Review Summary: Meusik fruhm da planeutt Kobaia fur jeu stekehn pruhg raukerz
Suppose the Rock and Roll Hall of Fame wasn’t a complete sham. It’s hard to imagine, but humor me for a minute. Sure, they recently inducted Rush, but they rejected Deep Purple in the process which makes all their efforts toward musical integrity void. So again, hypothetically, if they acquired unbiased judges who knew a thing or two about music, and they had an award for most original and unique band in history, Magma would no doubt be a top contender. And of all their albums, M.D.K. is the album that deserves recognition as one of the most bizarre yet completely focused albums in history.
Magma was founded in 1969 by drummer Christian Vander of France. Basically, Vander is a mastermind of weirdness who concocted one heck of a crazy band and genre in the process. If I as a regular musician were interested in a job and asked Vander about his band back in 1969, he’d reply “I want our band to play jazzy, Carl Orff-inspired prog rock that is sung by the most bizarre choir of lunatics singing in a language I invented.” Either I’d think he’s joking or I’d run back home, listen to In the Court of the Crimson King, and repeatedly tell myself it’s still the most out-there thing on the planet. Magma stopped at nothing to become one of the world’s most daring bands. While Magma’s first two albums had all the basic elements of the new genre dubbed “Zeuhl,” it was only until Magma’s third opus M.D.K. that they became more than just a zany jazz fusion band with weird vocals and lyrics.
Right from the first track, “Hortz Fur Dehn Stekehn West,” you know you’ll either hate or love this album.

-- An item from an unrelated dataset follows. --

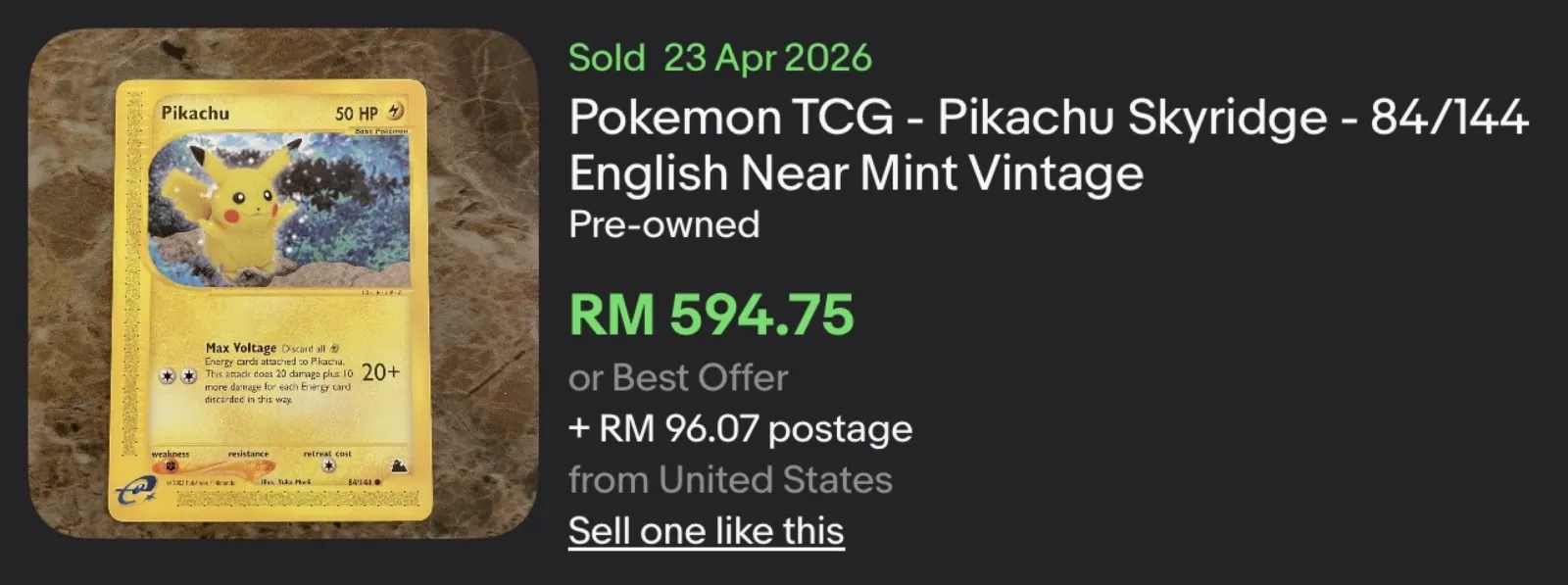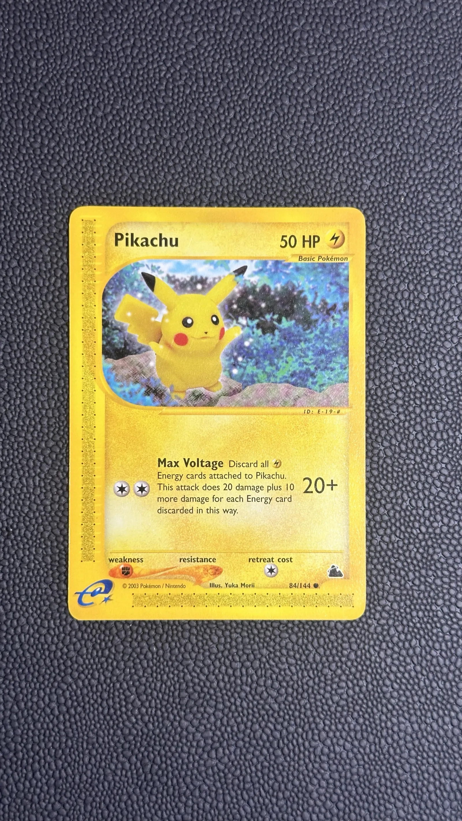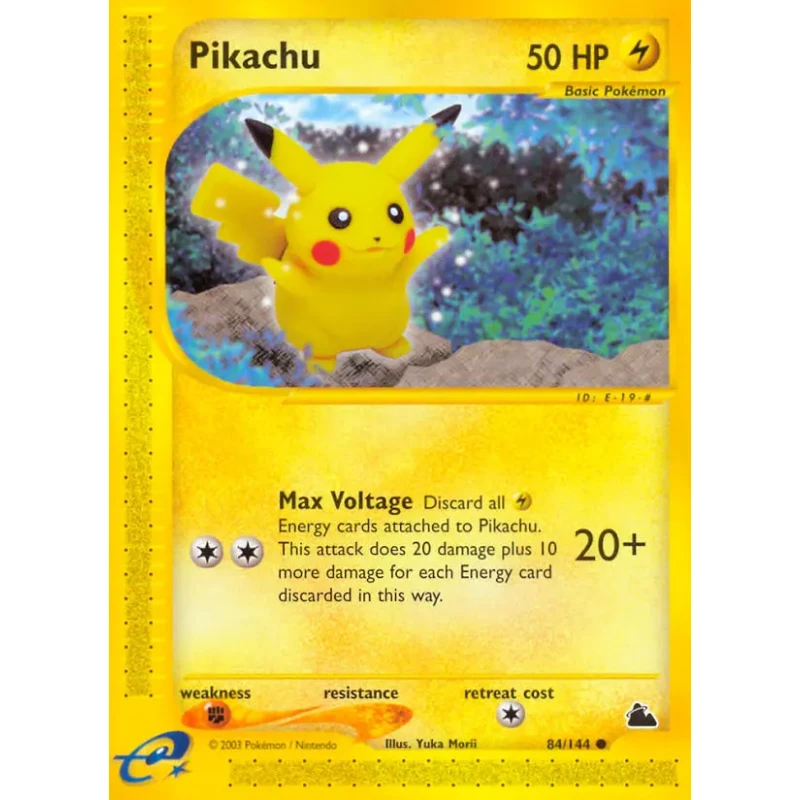 Pikachu card from the e-Reader set, card number 84/144. Illustrated by Yuka Morii, released in 2003 by Nintendo. This is a holographic card featuring the Max Voltage attack. Suitable for collecting; has moderate playability in older formats. The card is in English and has a normal printing treatment.

Pounding drums, piano, and bass open the song with an ominous, plodding march that is made even more eerie with chanting vocals in the constructed language of Kobaian. Sounds kind of like nazi aliens marching towards your doomed town and demanding your subjugation under threat of complete annihilation. At 9:34, this track is a real tour de force with horns, female choral parts, and even a short bluesy jam.
What you’ll notice with M.D.K. is that it’s very bombastic, rhythmic (often grooving in 7/8 time), repetitive and linear in its patterns. Usually songs will continue to repeat and build on one theme and then move on to the next. Songs constantly utilize chimes, horns, and flutes along with the standard rock instrumentation. “Ima Suri Dondai” is one of the more pleasant songs vocally, and it also showcases the different instruments very well.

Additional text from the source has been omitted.